In 2021, a review published in Plastic and Reconstructive Surgery found that about 1% (95% CI <1%–2%) of people who undergo gender-affirming surgery regret the decision. It concluded that "There is an extremely low prevalence of regret in transgender patients after GAS. We believe this study corroborates the improvements made in regard to selection criteria for GAS. However, there is high subjectivity in the assessment of regret and lack of standardized questionnaires, which highlight the importance of developing validated questionnaires in this population."

== Epidemiology ==

Different studies have arrived at different conclusions about the prevalence of gender dysphoria. The DSM-5 gives a gender dysphoria prevalence of 0.005% to 0.014% of people assigned male at birth (5-14 per 100k) and 0.002% to 0.003% of people assigned female at birth (2-3 per 100k). The DSM-5 states that these numbers are likely underestimates, being based on the number of referrals to specialty clinics. Not all adults seeking medical transition are referred to specialty clinics.

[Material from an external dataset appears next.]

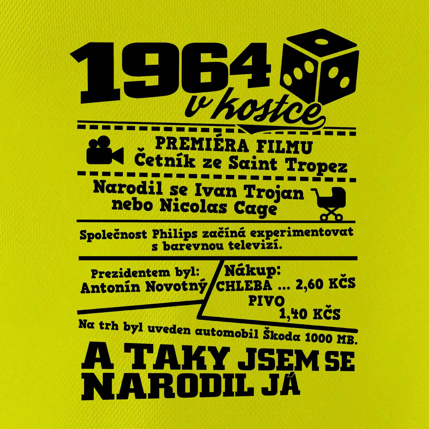 Narozeninové tričko pro ročník 1964. Sháníš originální dárek? Triko pro ročník 1964 v kostce je ten nejlepší dárek, kterým jistě potěšíš. Kolik co stálo? Kdo byl prezident? Kdo se narodil? Všechno tohle a ještě mnohem víc najdeš na našem oslaveneckém triku!

According to Black's Medical Dictionary, gender dysphoria "occurs in one in 30,000 male births and one in 100,000 female births." Studies in European countries in the early 2000s found that about 1 in 12,000 natal male adults (8 per 100k) and 1 in 30,000 (3 per 100k) natal female adults seek out gender-affirming surgery. Studies of hormonal treatment or legal name change find higher prevalence than sex reassignment, with, for example a 2010 Swedish study finding that 1 in 7,750 (13 per 100k) adult natal males and 1 in 13,120 (8 per 100k) adult natal females requested a legal name change to a name of the opposite gender.

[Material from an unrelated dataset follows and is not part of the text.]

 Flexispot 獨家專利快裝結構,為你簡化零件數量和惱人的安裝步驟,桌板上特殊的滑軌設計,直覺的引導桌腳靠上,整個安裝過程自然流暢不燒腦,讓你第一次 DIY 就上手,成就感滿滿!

Studies that measure transgender status by self-identification find even greater prevalence of gender identity different from sex assigned at birth (although some of those who identify as transgender or gender nonconforming may not experience clinically significant distress and so do not have gender dysphoria). A study in New Zealand found that 1 in 3,630 natal males (13 per 100k) and 1 in 22,714 (4 per 100k) natal females have changed their legal gender markers. A survey of Massachusetts adults found that 0.5% (500 per 100k) identify as transgender. A national survey in New Zealand of 8,500 randomly selected secondary school students from 91 randomly selected high schools found 1.2% (1,200 per 100k) of students responded "yes" to the question "Do you think you are transgender?". Outside of a clinical setting, the stability of transgender or non-binary identities is unknown.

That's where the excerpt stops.